Finis, donc, les interminables tournées, les compositions écrites sur un coin de banquette dans un bus et les albums enregistrés aux quatre coins des États-Unis. L’heure est à la pause, à la routine du quotidien sans soubresauts, à l’acceptation sereine du confinement, au bonheur immobile. Le fondateur du groupe The War on Drugs, 42 ans, ne s’en cache pas : «Aujourd’hui, mon passe-temps favori est de m’asseoir le matin après le petit-déjeuner près de la fenêtre, de lire et d’écouter Sun Ra, de regarder le soleil brillant à travers les arbres de la forêt», écrit-il.
(Watch my moves), son neuvième disque depuis ses débuts en 2008, résume tout cela. Il prend alors la forme et l’air d’un voyage mental, spirituel même, tout en décontraction. Comme à son habitude, le musicien qui sait tout faire joue à l’équilibriste entre impulsions électriques et acoustiques, lâche parfois la guitare pour le piano, garnissant ses réflexions sur la vie qui passe d’arpèges sans fin. Car Kurt Vile, dans ce retranchement qui n’a rien d’habituel, n’est soumis à aucun rythme, aucune pression, en dehors de celle qu’il veut bien s’imposer. Certaines chansons prennent ainsi leur temps, flirtant avec les sept minutes (Like Exploding Stones, Wages of Sin, Stuffed Leopard).
Comme s’il se trimballait en permanence un magnétophone, prêt à saisir le bruissement de la nature qui l’entoure ou à capturer une idée de passage dans ses filets, Kurt Vile crée un album comme d’autres artistes compilent des démos. Tout semble être spontané, honnête, sans esbroufe ni paillettes. En témoignent ces quinze titres paresseux, un peu «lo-fi» et au chant blasé, qui s’étalent sans gêne sur une heure et quart, remplis de mélodies, de rêves, d’observations terre à terre et de bonne humeur.

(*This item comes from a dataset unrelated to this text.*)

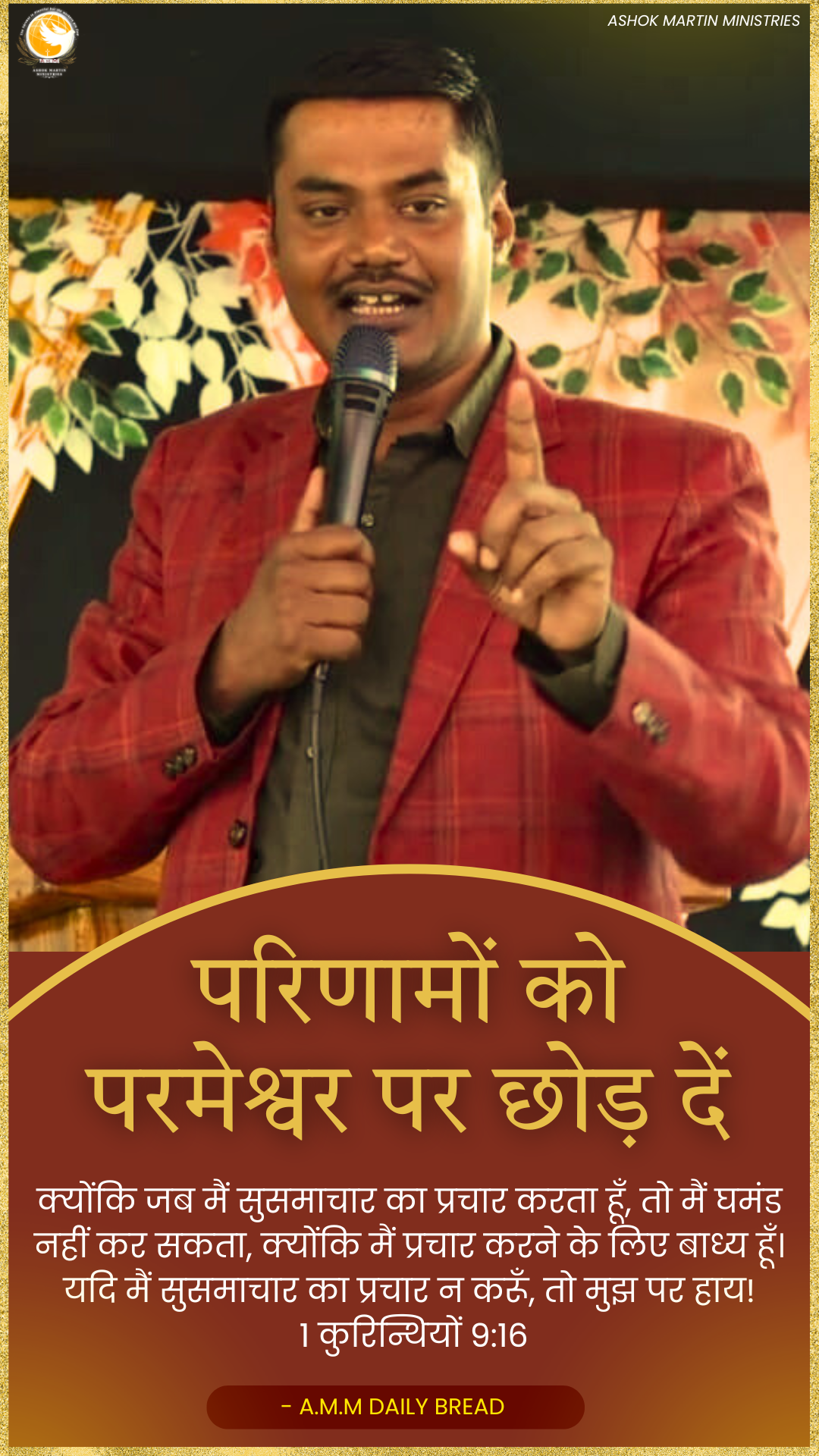*परिणामों को परमेश्वर पर छोड़ दें* `क्योंकि जब मैं सुसमाचार का प्रचार करता हूँ, तो मैं घमंड नहीं कर सकता, क्योंकि मैं प्रचार करने के लिए बाध्य हूँ। यदि मैं सुसमाचार का प्रचार न करूँ, तो मुझ पर हाय! 1 कुरिन्थियों 9:16` परमेश्वर के वचन के सेवक अक्सर आश्चर्य करते हैं कि उनके उपदेश या शिक्षा देने के बाद उनके शब्दों का कैसा प्रभाव पड़ता है। यह जानना बिल्कुल सामान्य है कि आपने किस तरह का प्रभाव डाला है। लेकिन अधिकांश प्रचारक, इसके बारे में बहुत अधिक चिंतित रहते हैं। मुझे यकीन है कि आप इन सवालों से परिचित हैं: “कौन प्रभावित हुआ? कौन छुआ गया? कौन प्रकाशित हुआ? कितनों का मन परिवर्तन हुआ? कितने लोग वास्तव में यीशु की ओर मुड़े?” लेकिन एक बात जान लें: आप कभी भी अपने प्रभाव की पूरी सीमा नहीं जान पाएंगे। परमेश्वर के राज्य के रहस्यों में से एक यह है कि मनुष्य इसका विरोध कर सकते हैं। हालाँकि राज्य सभी के लिए उपलब्ध है, लेकिन यह किसी को भी पछाड़ या पराजित नहीं करता है जो इसे प्राप्त करने से इनकार करता है। अमीर युवा शासक के साथ यीशु का आदान-प्रदान इस बात का एक उदाहरण है कि कैसे प्रभु ने परिणामों को जाने दिया। दिलचस्प बात यह है कि हमें बताया गया है कि यीशु को युवा शासक से एक विशेष प्रकार का स्नेह था। सुसमाचार हमें बताता है, _”यीशु ने उससे प्रेम से देखा,”_ जो एक असामान्य वर्णन है। यीशु ने उसे देखा और उससे प्रेम किया। मार्क 10:21 शायद प्रभु ने पहले ही देख लिया था कि उस युवा को उन सत्तर लोगों में से एक बनने के लिए बुलाया जाएगा जिन्हें वह बाद में भेजेगा। शायद उसने महसूस किया कि युवा शासक को यरूशलेम में जल्द ही जन्म लेने वाले पहले कलीसिया में एक स्तंभ बनने के लिए नियत किया गया था। हम नहीं जानते, लेकिन इस व्यक्ति के बारे में कुछ खास बात ने यीशु को अद्वितीय स्नेह दिया। जब उस व्यक्ति ने सब कुछ बेचकर उसका अनुसरण करने की प्रभु की चुनौती का विरोध किया, तो यीशु ने उसका पीछा नहीं किया। उसने उसे उसके गलत निर्णय के बारे में समझाने की कोशिश नहीं की। उसने उसे परेशान नहीं किया या उसे राज्य में जाने के लिए डराने की कोशिश नहीं की। यीशु ने उसे जाने दिया, और परिणाम को अपने पिता पर छोड़ दिया। इसलिए इस पर ध्यान केंद्रित करना एक गलती है। सेवा करने के बाद, बस आराम करें और परिणाम को परमेश्वर पर छोड़ दें। हालाँकि कभी-कभी प्रभु आपको आपकी सेवकाई के फल की एक छोटी सी झलक दिखाएंगे, लेकिन ज़्यादातर समय ऐसा नहीं होगा। बस, परिणाम परमेश्वर पर छोड़ दें! मसीह में आपका भाई, प्रेरित अशोक मार्टिन

On y parle de joies familiales simples, de promenades en forêt, de sessions d’enregistrement en caleçon et de bières consommées en écoutant Neil Young, Bruce Springsteen ou encore Lou Reed, seul ou accompagné (on retrouve notamment Cate Le Bon sur Jesus on a Wire et Chastity Belt sur Chazzy Don’t Mind). (Watch my moves), malgré son appellation un brin ironique, est donc à voir comme un monument d’errance, qui dévoile ses charmes cachés tranquillement, sans se presser. Kurt Vile, dans son habituel sourire narquois, se dit que le bonheur est finalement une chose simple. Et qui se partage, évidemment.